Special interests is another area where I’ve surpressed myself. As I’ve spoken about before, I have several very non-marketable special interests. As a result, I pushed these to the side to focus on writing and subsequently teaching, as they are ‘serious’ interests that will actually feed into my career. That’s not to say I don’t greatly enjoy them, but they are not the deep-brain kind of special interest, where I can zone out for hours doing research, and feel a profound feeling that I must do them.
Obviously, I can’t spend all day singing songs in Esperanto and making UTAUloids, and fuck me backwards that’s an issue, but I can, and must, eke out time to delve into my special interests, because they undoubtedly enrich my mind and my mood. And who knows, maybe one day I will be able to monetise them.

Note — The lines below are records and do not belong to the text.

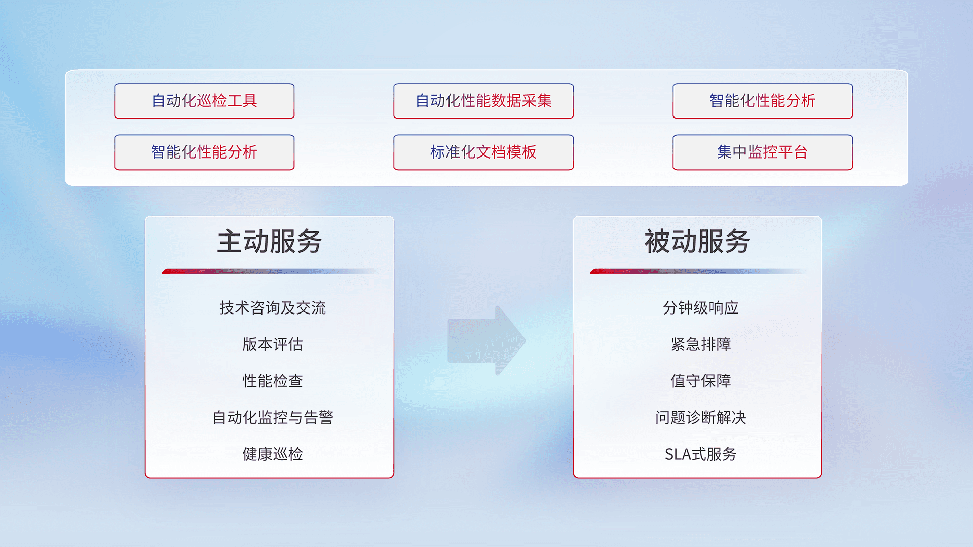 智能化工具和标准化文档,,,,保障服务质量,,,提供主动服务(包含技术咨询、、、、版本评估、、、、性能检查、、自动化监控与告警、、健康巡检)和被动服务包含(分钟级响应、、、、紧急排障、、、值守保障、、、、问题诊断解决、、、、SLA服务)。。。。
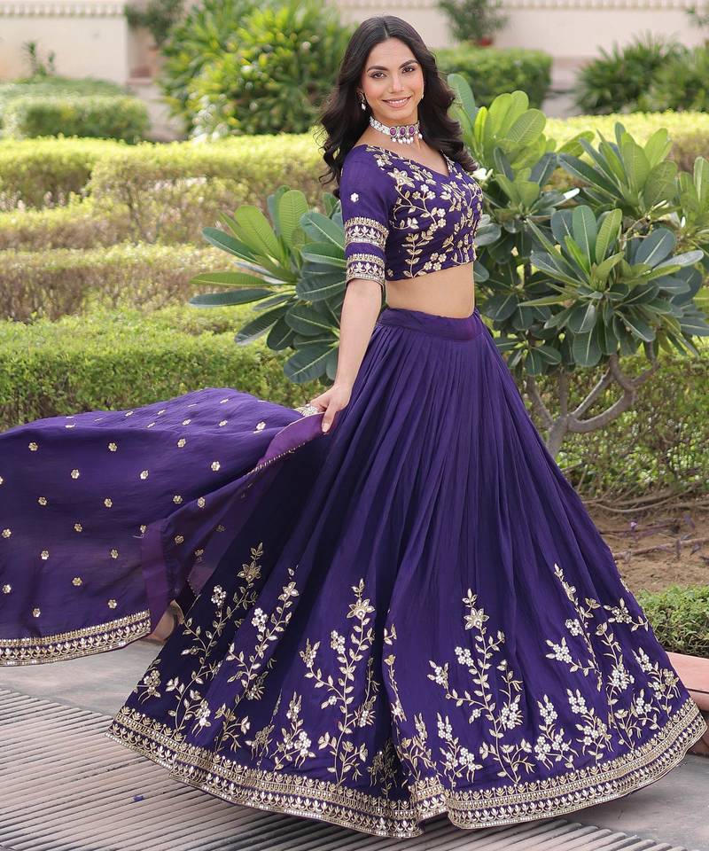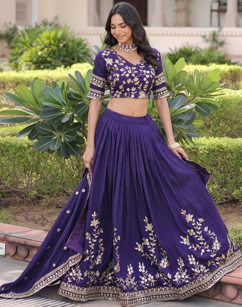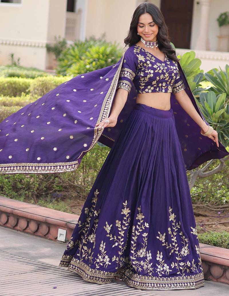 | Product Description | This Elegant Lehenga Comes In A Rich Royal Purple Shade, Crafted From Nc Vichitra Silk That Gives A Graceful Flow And Premium Sheen. It Is Beautifully Adorned With Heavy Sequins And Zari Embroidered Floral Work Along The Hem And Panels, Creating A Festive And Luxurious Appeal.
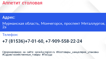 Аппетит, столовая по адресу Мурманская область, Мончегорск, проспект Металлургов, 2а в дальнейшем Организация, размещена в следующих категориях:

How ironic it is that masking, which is often encouraged by neurotypical practitioners as a way of integrating into a healthy social and mental life, can cause such negative addictions and emotions! Already, having just taken on this new resolve to be more actively pro-autistic, I feel infinitely more balanced and happy. That’s not to say there won’t be rough patches, but I feel like I’ve ignored this facet for too long in my quest of self-discovery. Even though I was celebrating my trans self, my teacher self, my creative self, I was stifling my autistic self, and it came to bite me back. In a way, I’m lucky that I didn’t get to a more serious shutdown before realising this, as now I can proactively perform the self-care necessary to prevent them in future.
So what will happen to this blog? I am going to continue it, I think, but not at a daily pace. I may very well work on it daily, but there won’t be daily articles. While I’ve really enjoyed putting work out there regularly, I feel like there’s a balance of quality and time and that for me it leans slightly more towards one to two articles a week. I want my content to be a little longer, a little deeper, and a lot zanier.
Because that’s it: I’m back at the stage of knowing how much I still don’t know. There is so much to learn about myself, about other autistic people, so many conversations to listen to and join in, paths to forge. I want to make autism a part of my life like it never has been before. Likely, that will be the main focus of this blog going forward. I hope you’ll join me for the ride.